• _DATA BELOW_
================================
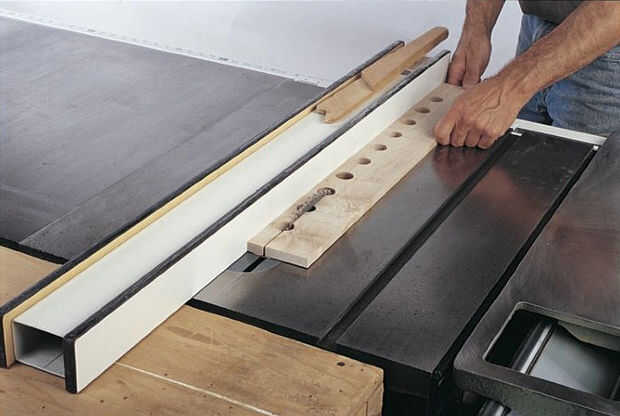 También que nos forramos los cajones con fieltro pesado-mesa de billar. Utilice un cuchillo para cortar el fieltro a la medida y simplemente poner cada pieza en una parte inferior del cajón. Para hacer un estante de cincel, dio una serie de agujeros de 1 pulgada en una franja de 1/2 en espesor de arce. Corte la tira a través del centro de los orificios (ver foto) y cortar para caber dentro de un cajón.
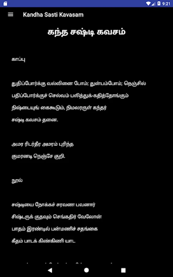 is a Hindu devotional song composed in Tamil by Devaraya Swamigal (born c. 1820), a student of Meenakshi Sundaram Pillai, on Lord Muruga, the son of Lord Shiva. Kanda Sashti Kavasam was composed in the 19th century. The song has been composed in praise of the Lord, seeking to shower His grace.
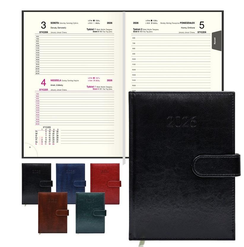 Opis produktuZasady bezpieczeństwa- Format A5 (140x207x22 mm) - Ilość stron: 352 - Dostępne kolory: czarny, granatowy, bordo, zielony, brąz - Oprawa: twarda skóropodobna + gąbka (okleina termoprzebarwialna) - Pasek na magnes - Perforowane rogi - Registry wycinane - Układ środka: dzień na stronie ( sobota niedziela na 1 stronie) - Wewnątrz tasiemka do oznaczania stron ułatwia odnajdywanie ważnych notatek lub ostatnio zapisanej strony - Papier: 70 g/m2 w kolorze ecru - Kalendarium: w języku polskim, angielskim, numeracja dni i tygodni, podwójne imieniny - Część informacyjna: strony na notatki, telefony kierunkowe, skorowidz alfabetyczny, daty imienin i Świąt.
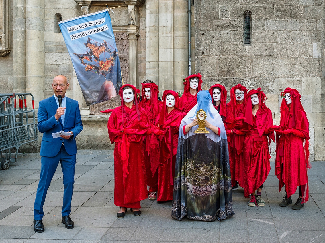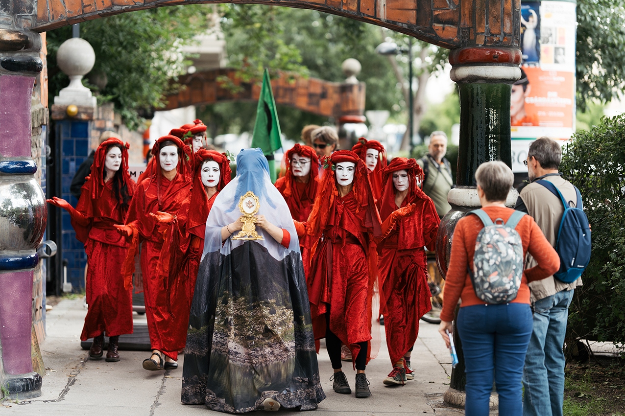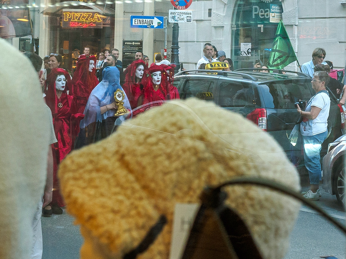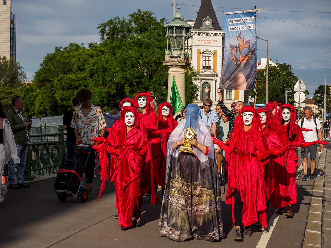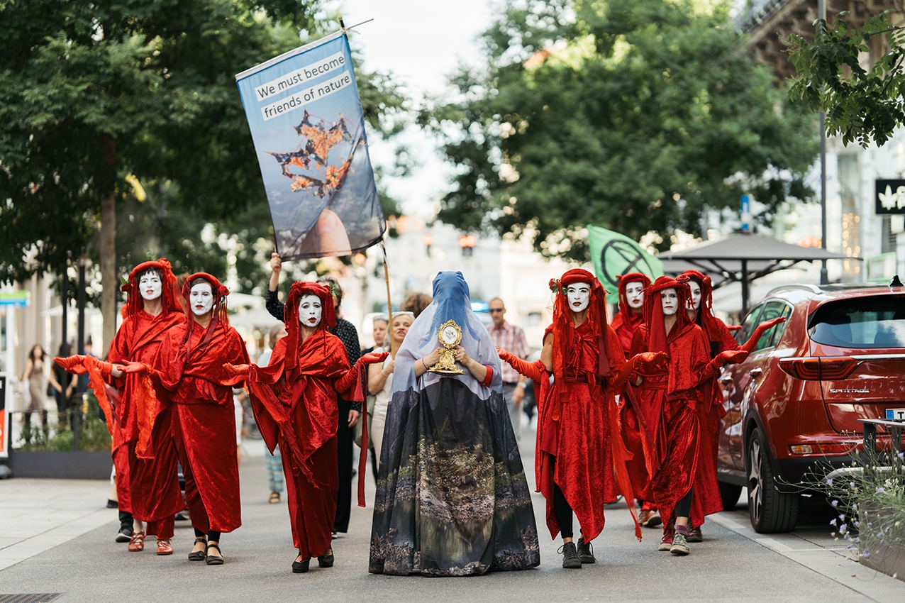 Die Aktionen werden ganz real von KlimaaktivistInnen unterstützt: Im Künstlerhaus Wien erschienen zum Beispiel rot gekleidete und auffällig geschminkte AkteurInnen knieend und betend, mit in unserer Kultur fast vollständig verschwundenen Gesten der Demut. Es handelte sich um die Red Rebels, eine Brigade der Klimaaktivisten XR Extinction Rebellion und Performance-Aktivistengruppe, die, von London ausgehend, im öffentlichen Raum und international auf die globale Umweltkrise aufmerksam macht mit eindrucksvollen, nonverbalen Prozessionen und Tableaus.
================================
• _TASK TO CARRY OUT_
In your output, repeat the listing above exactly and include none of the pictures.

• _RESULT OF THIS TASK_
 También que nos forramos los cajones con fieltro pesado-mesa de billar. Utilice un cuchillo para cortar el fieltro a la medida y simplemente poner cada pieza en una parte inferior del cajón. Para hacer un estante de cincel, dio una serie de agujeros de 1 pulgada en una franja de 1/2 en espesor de arce. Corte la tira a través del centro de los orificios (ver foto) y cortar para caber dentro de un cajón.
 is a Hindu devotional song composed in Tamil by Devaraya Swamigal (born c. 1820), a student of Meenakshi Sundaram Pillai, on Lord Muruga, the son of Lord Shiva. Kanda Sashti Kavasam was composed in the 19th century. The song has been composed in praise of the Lord, seeking to shower His grace.
 Opis produktuZasady bezpieczeństwa- Format A5 (140x207x22 mm) - Ilość stron: 352 - Dostępne kolory: czarny, granatowy, bordo, zielony, brąz - Oprawa: twarda skóropodobna + gąbka (okleina termoprzebarwialna) - Pasek na magnes - Perforowane rogi - Registry wycinane - Układ środka: dzień na stronie ( sobota niedziela na 1 stronie) - Wewnątrz tasiemka do oznaczania stron ułatwia odnajdywanie ważnych notatek lub ostatnio zapisanej strony - Papier: 70 g/m2 w kolorze ecru - Kalendarium: w języku polskim, angielskim, numeracja dni i tygodni, podwójne imieniny - Część informacyjna: strony na notatki, telefony kierunkowe, skorowidz alfabetyczny, daty imienin i Świąt.
 Die Aktionen werden ganz real von KlimaaktivistInnen unterstützt: Im Künstlerhaus Wien erschienen zum Beispiel rot gekleidete und auffällig geschminkte AkteurInnen knieend und betend, mit in unserer Kultur fast vollständig verschwundenen Gesten der Demut. Es handelte sich um die Red Rebels, eine Brigade der Klimaaktivisten XR Extinction Rebellion und Performance-Aktivistengruppe, die, von London ausgehend, im öffentlichen Raum und international auf die globale Umweltkrise aufmerksam macht mit eindrucksvollen, nonverbalen Prozessionen und Tableaus.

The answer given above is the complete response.